- [Task requirements]: Would you restate, word for word, only the lines starting at the one with "holding palm tree" and ending with the final line of the entries below? Pictures stay out.

*** Opening Exercise inputs ***

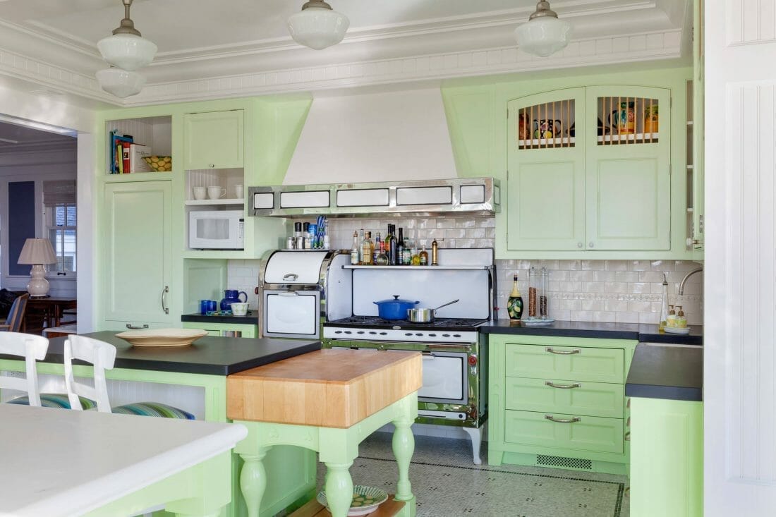 Some homeowners are after tranquil kitchens. If you’re like them, coat your cabinets with two different pastel green paint colors. They add subtle dynamism while still lending this vintage culinary space a cohesive look.
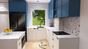 Kompaktowa kuchnia z niebieskimi szafkami, kolorowym terrazzo i dużym oknem. Funkcjonalna przestrzeń z energią i charakterem dzięki odważnym akcentom.
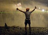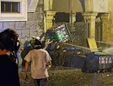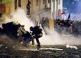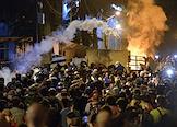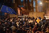 Участники акция протеста против принятия закона об иноагентах у здания парламента Грузии во время столкновения с полицией.
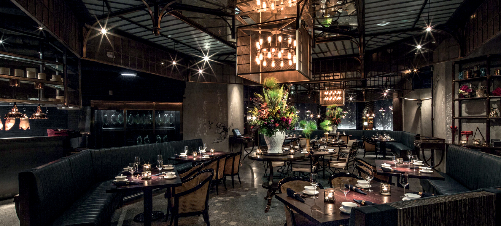 Mott Street is actually located in New York. The first Chinese food store was opened in number 32, a culinary pilot. The design uses metal, wood, rattan and leather and reminds of the story. Excentric lighting and original deco, such as art pieces and a large Chinese Abakus slide-ruler combine an industrial New York flair with Chinese handicraft.
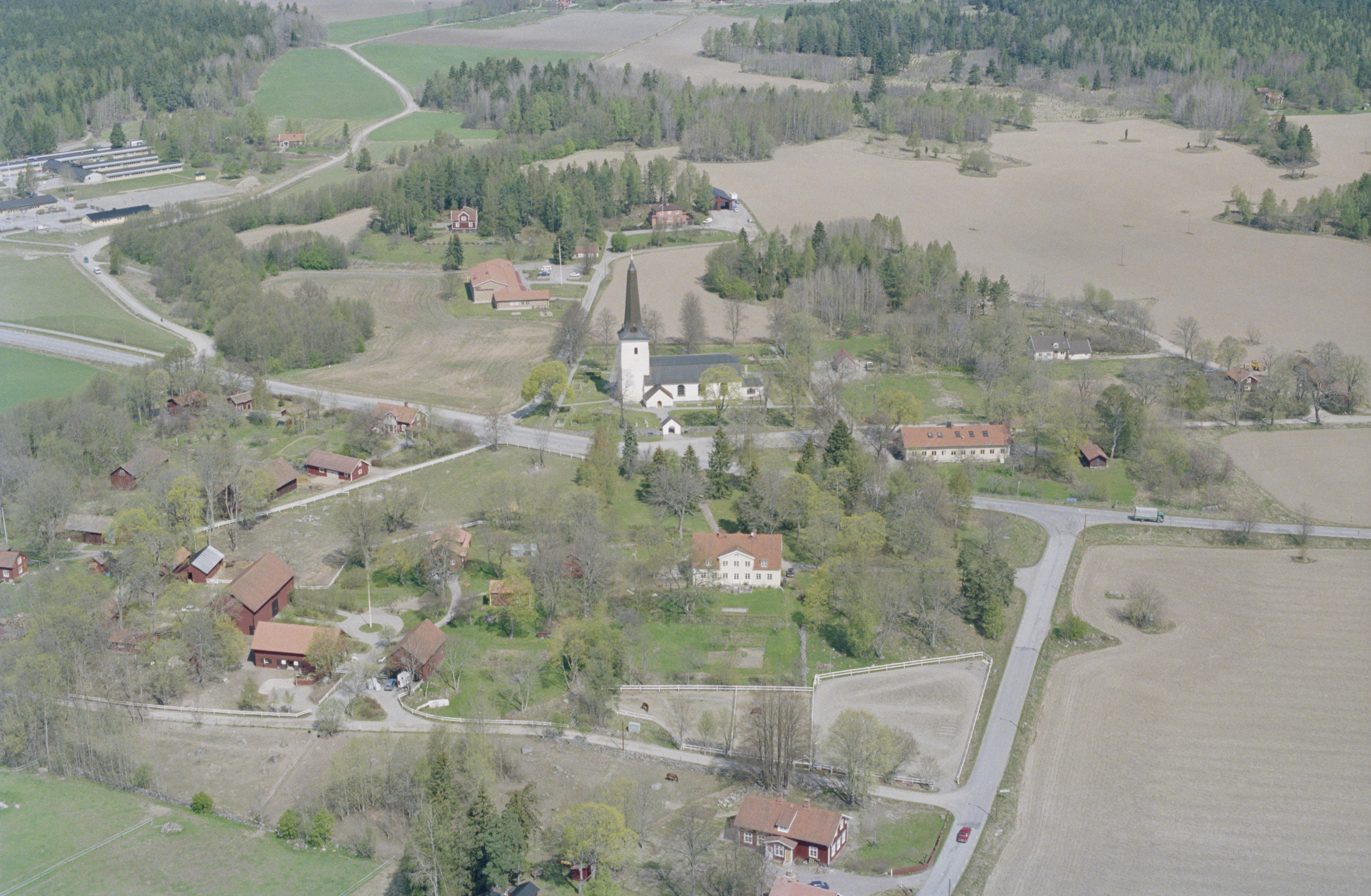 Beskrivning: Irsta tätort. Vid bildens mitt Irsta kyrka i Gullbobäckens dalgång. Bilden är tagen mot (väderstreck): N
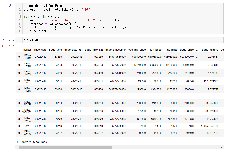 위 활동을 한화 마켓에 상장된 113개의 모든 코인에 적용하는 for 문을 실행하면 다음의 결과를 확인할 수 있다.
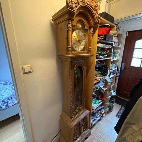 Stående gulvur i tre med glassdør ,bestefarsklokke
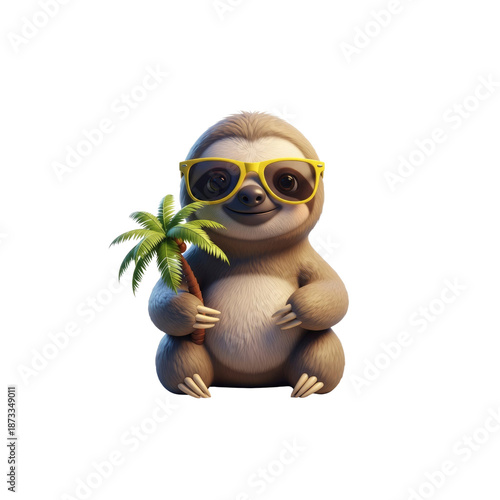 © Cove Art, Obraz premium Cute sloth holding palm tree
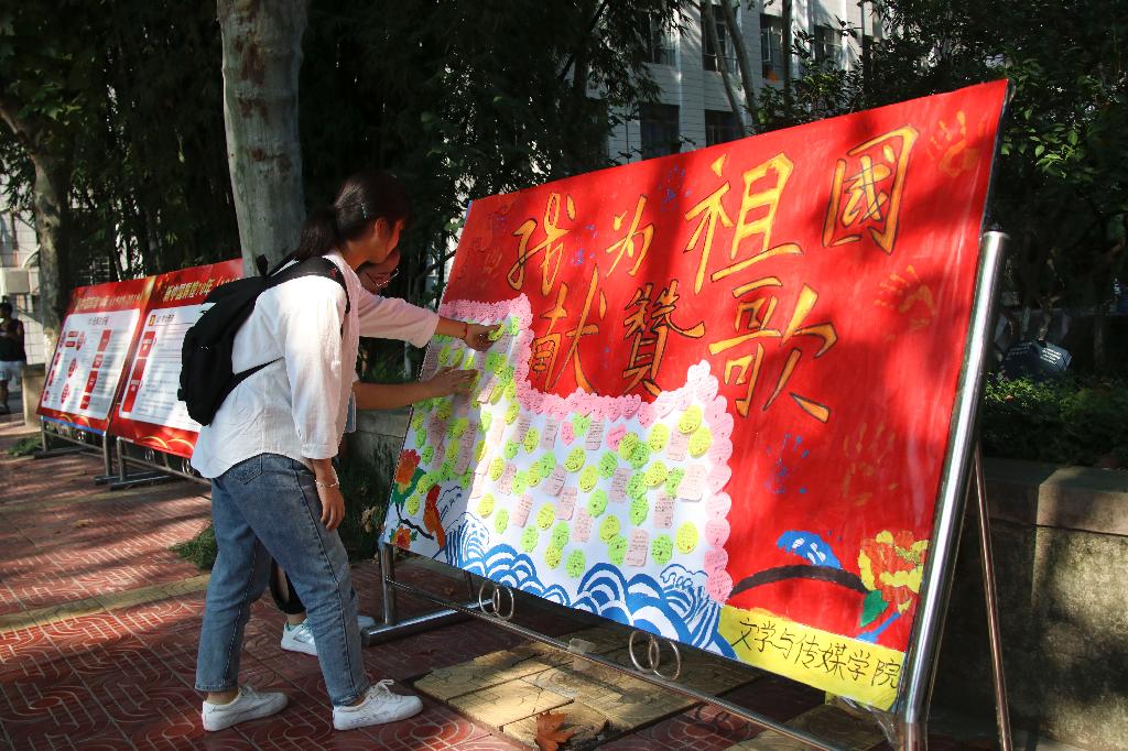 同日下午,在1026教室,澳门网投汉语言文学专业2019级四个团支部组织全体学生开展了以“庆新中国成立70华诞,抒新时代青年爱国情怀”为主题的祝福便签活动。学生们以稍显稚嫩的笔触,书写着自己对祖国母亲的依恋和祝福。活动结束后,团总支宣传部挑选出最佳的祝福便签,以展板形式在江南校区展出。

*** Closing Exercise inputs ***

- [Problem solution]:
 © Cove Art, Obraz premium Cute sloth holding palm tree
 同日下午,在1026教室,澳门网投汉语言文学专业2019级四个团支部组织全体学生开展了以“庆新中国成立70华诞,抒新时代青年爱国情怀”为主题的祝福便签活动。学生们以稍显稚嫩的笔触,书写着自己对祖国母亲的依恋和祝福。活动结束后,团总支宣传部挑选出最佳的祝福便签,以展板形式在江南校区展出。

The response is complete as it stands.